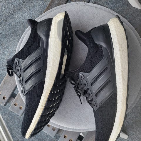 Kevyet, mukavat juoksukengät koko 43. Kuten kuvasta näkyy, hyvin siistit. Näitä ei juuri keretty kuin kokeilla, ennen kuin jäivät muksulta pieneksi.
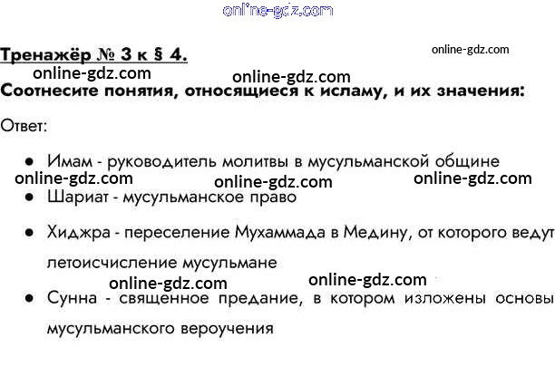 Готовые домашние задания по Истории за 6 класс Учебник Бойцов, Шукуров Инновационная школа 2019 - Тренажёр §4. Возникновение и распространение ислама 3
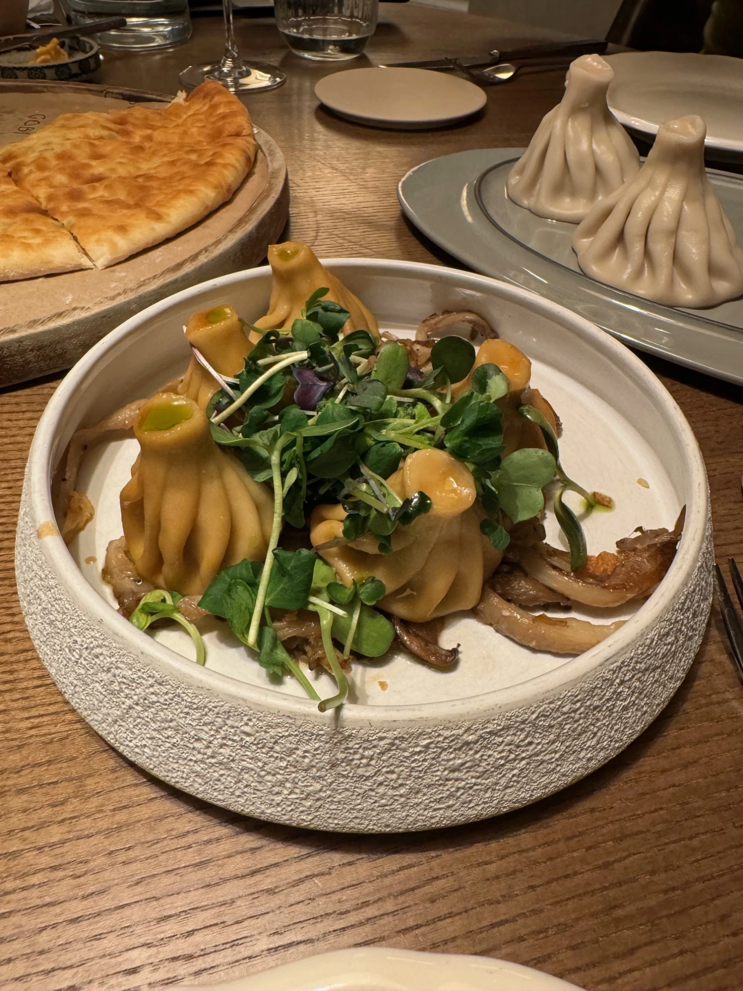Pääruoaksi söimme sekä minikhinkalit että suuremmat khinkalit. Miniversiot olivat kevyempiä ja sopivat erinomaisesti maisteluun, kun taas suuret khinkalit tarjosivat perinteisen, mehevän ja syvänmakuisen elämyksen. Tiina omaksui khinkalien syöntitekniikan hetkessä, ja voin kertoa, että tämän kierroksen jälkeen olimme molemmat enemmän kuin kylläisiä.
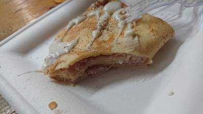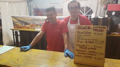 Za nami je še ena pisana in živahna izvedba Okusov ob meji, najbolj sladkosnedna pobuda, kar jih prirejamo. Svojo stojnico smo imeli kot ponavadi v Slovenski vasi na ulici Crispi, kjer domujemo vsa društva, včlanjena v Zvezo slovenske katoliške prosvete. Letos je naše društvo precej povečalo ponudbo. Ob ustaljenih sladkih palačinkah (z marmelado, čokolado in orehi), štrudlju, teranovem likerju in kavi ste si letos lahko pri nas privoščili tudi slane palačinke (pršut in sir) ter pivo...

═══

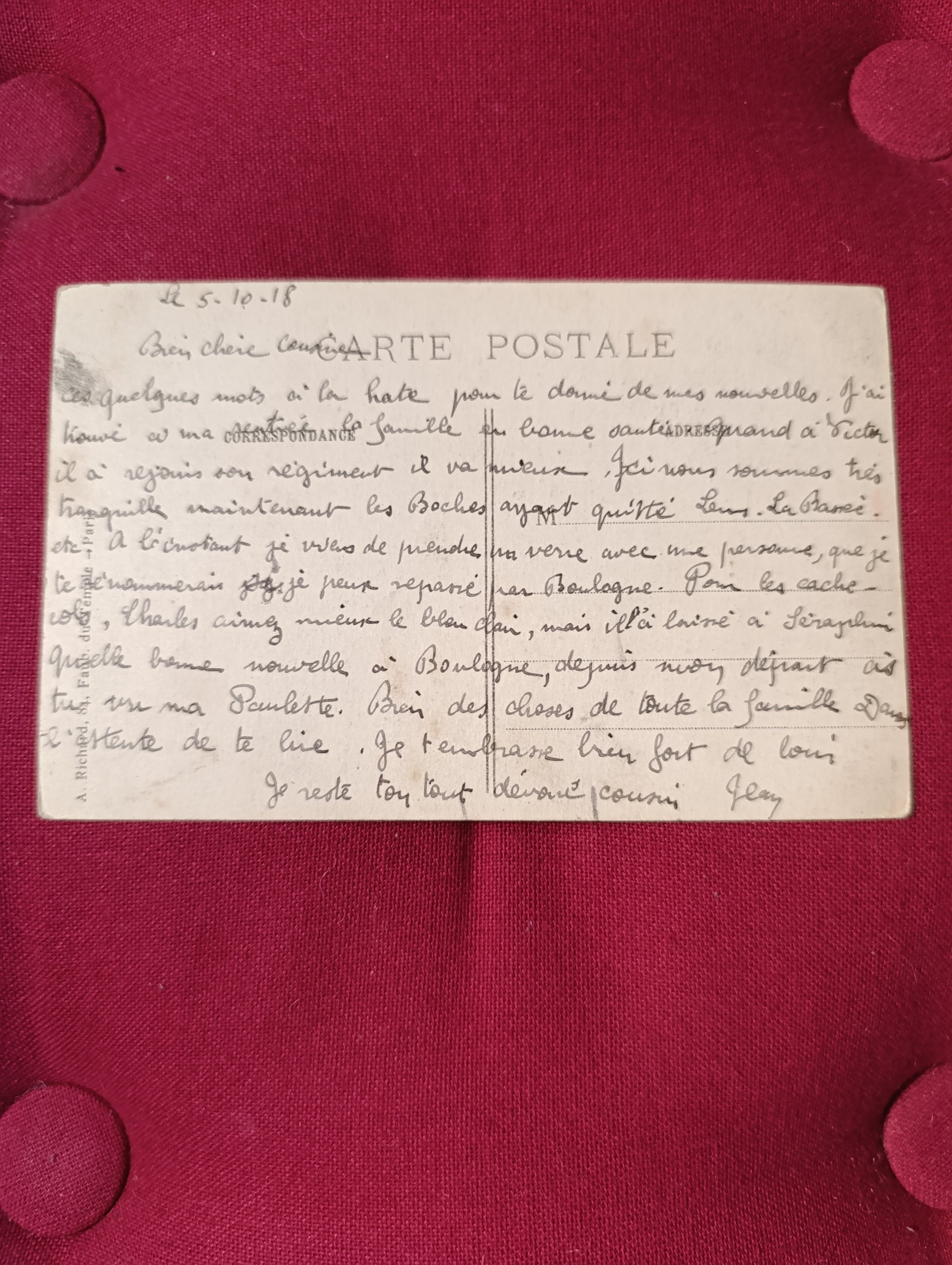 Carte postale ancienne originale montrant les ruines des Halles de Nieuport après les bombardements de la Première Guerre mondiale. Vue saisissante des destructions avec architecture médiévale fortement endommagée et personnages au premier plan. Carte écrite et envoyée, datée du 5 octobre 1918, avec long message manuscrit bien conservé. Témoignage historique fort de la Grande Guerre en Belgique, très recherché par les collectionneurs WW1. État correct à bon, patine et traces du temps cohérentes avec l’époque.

═══

• [Work order]: Would you please repeat only the lines above, beginning at the one that has "Kevyet, mukavat juoksukengät" and stopping after the one that has "Pääruoaksi söimme sekä", exactly and with no pictures?

• [Completed task]:
 Kevyet, mukavat juoksukengät koko 43. Kuten kuvasta näkyy, hyvin siistit. Näitä ei juuri keretty kuin kokeilla, ennen kuin jäivät muksulta pieneksi.
 Готовые домашние задания по Истории за 6 класс Учебник Бойцов, Шукуров Инновационная школа 2019 - Тренажёр §4. Возникновение и распространение ислама 3
Pääruoaksi söimme sekä minikhinkalit että suuremmat khinkalit. Miniversiot olivat kevyempiä ja sopivat erinomaisesti maisteluun, kun taas suuret khinkalit tarjosivat perinteisen, mehevän ja syvänmakuisen elämyksen. Tiina omaksui khinkalien syöntitekniikan hetkessä, ja voin kertoa, että tämän kierroksen jälkeen olimme molemmat enemmän kuin kylläisiä.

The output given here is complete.